Updated: 22 hours ago

Did you know that your top tax bracket rate is not your current total tax rate? And why not? Because ours is a progressive tax system. Accordingly, your effective tax rate is less than what you might think it is…and typically lower. Let's dive further into this mind-bogglingly fascinating subject!

Paying Uncle Sam

We make payments to Uncle Sam that are less than if all of our income was taxed at our marginal…highest… rate (e.g., the first slice of income is taxed at 10%, the next slice at 12%, and so on up to 37%).


By the way, the brackets are different for joint and single filers. It requires more income for joint filers to move from one bracket to the next. But the effective tax rate methodology is the same. And the effective, or average, tax rate will be lower than the marginal rate for both types of filers.


2017 Tax Cuts

The 2024 tax season is over for most of us. And, even though it's barely in the rearview mirror, it's time to talk about what our tax rate might be in the 2025 season. Congress may yet have a hand in what the rates will be depending on how they handle the 2017 tax cuts that are scheduled to expire at year-end.

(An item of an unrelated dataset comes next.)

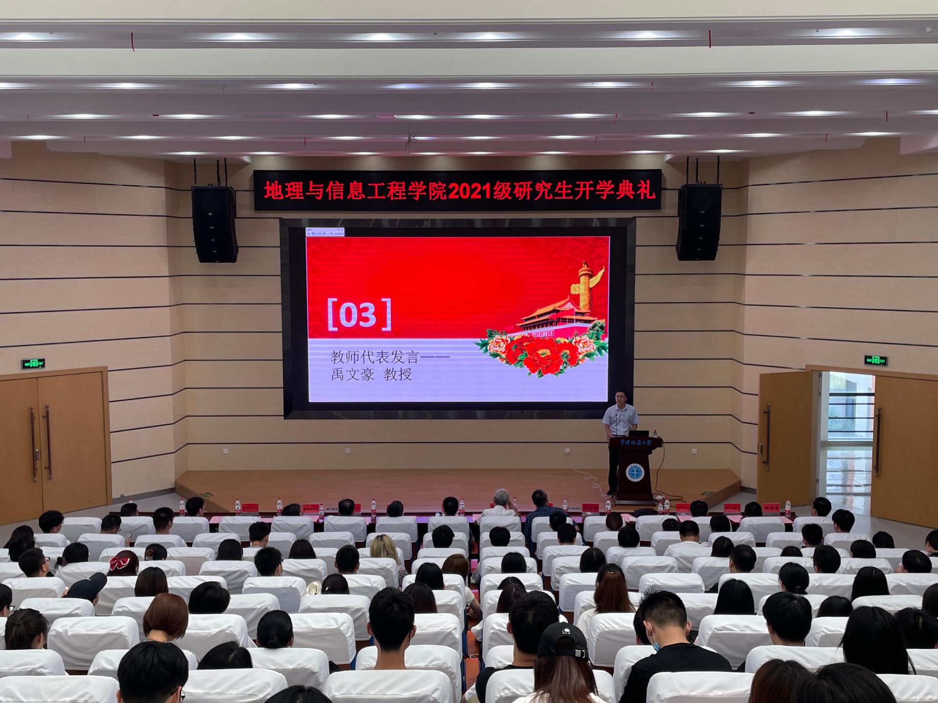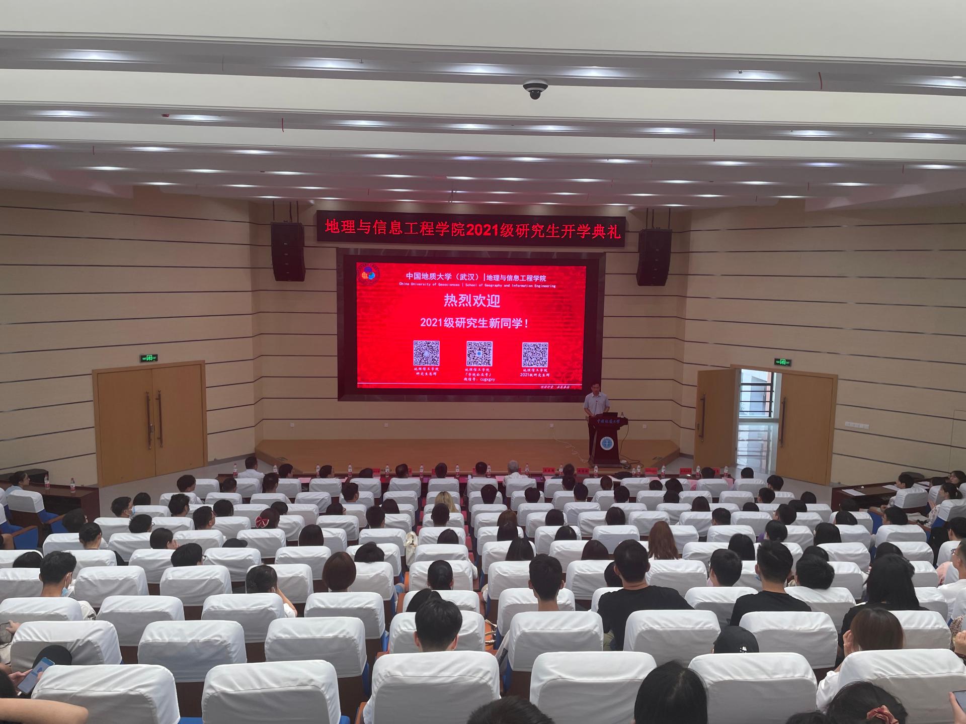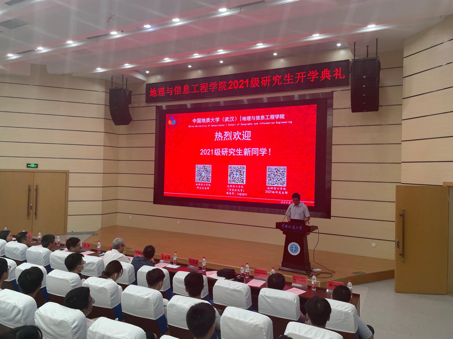 2021级研究生新生开学典礼于在未来城校区公教一楼208报告厅举行。院党委书记许德华、院长王绍强、副院长关庆锋、院党委副书记武彦斌、学院各系主任、教师代表禹文豪、学院办公室、教学与发展办公室、学生工作办公室老师以及2021级全体硕博新生参加典礼。

The 2017 legislation kept the seven tax brackets that were in effect prior to 2017, but blissfully lowered five of the seven tax rates. If Congress allows the 2017 tax cuts to expire (shudder), rates will return to pre-2017 levels. Or if extended or revised. So, what particular tax rate did you pay under current law? The 2017 legislation widened the seven brackets, such that taxpayers could earn more money before finding themselves in the next higher tax bracket. And, finally, those seven brackets were subject to annual inflation adjustments.

 

High and Low Earners

As our Congress weighs in on extending the 2017 tax cuts, the dialogue includes the possibility of raising the top income tax rate (i.e., soaking the affluent a bit more). Hard to believe because IRS data from a year back shows that the top 1% of filers paid 40.4% of income tax revenue. And the top 10% covered 72%. That seems progressive enough for this old boy. By the way, at the other end of the tax ladder, the bottom 50%, combined, paid 3% of the income tax revenue, probably less tax revenue than its collection cost.

 

The lowest bracket (10%) rate takes effect at the first dollar of adjusted gross income, which is income after benefits - such as the standard or itemized deductions - are applied. According to the IRS, under current law about 90% of taxpayers take the standard deduction. Other taxpayers itemize when they have deductions like charitable outlays, mortgage interest, property taxes, medical expenses, etc. that exceed the standard deduction. Other factors that can reduce one’s tax liability include tax-deductible IRA contributions, a 20% small business owner deduction, children, long-term capital gains, etc.  


One’s tax liability is based on the net of gross income and these standard, itemized and other deductions. As taxable income moves up the seven bracket ladder, each increment gets taxed at the earlier mentioned progressively higher rate. In short, one’s marginal rate is the highest rate that applies to a given taxpayer – what he or she pays on their last dollar of income.


In any event, keep encouraging your legislators to extend the 2017 tax cuts indefinitely.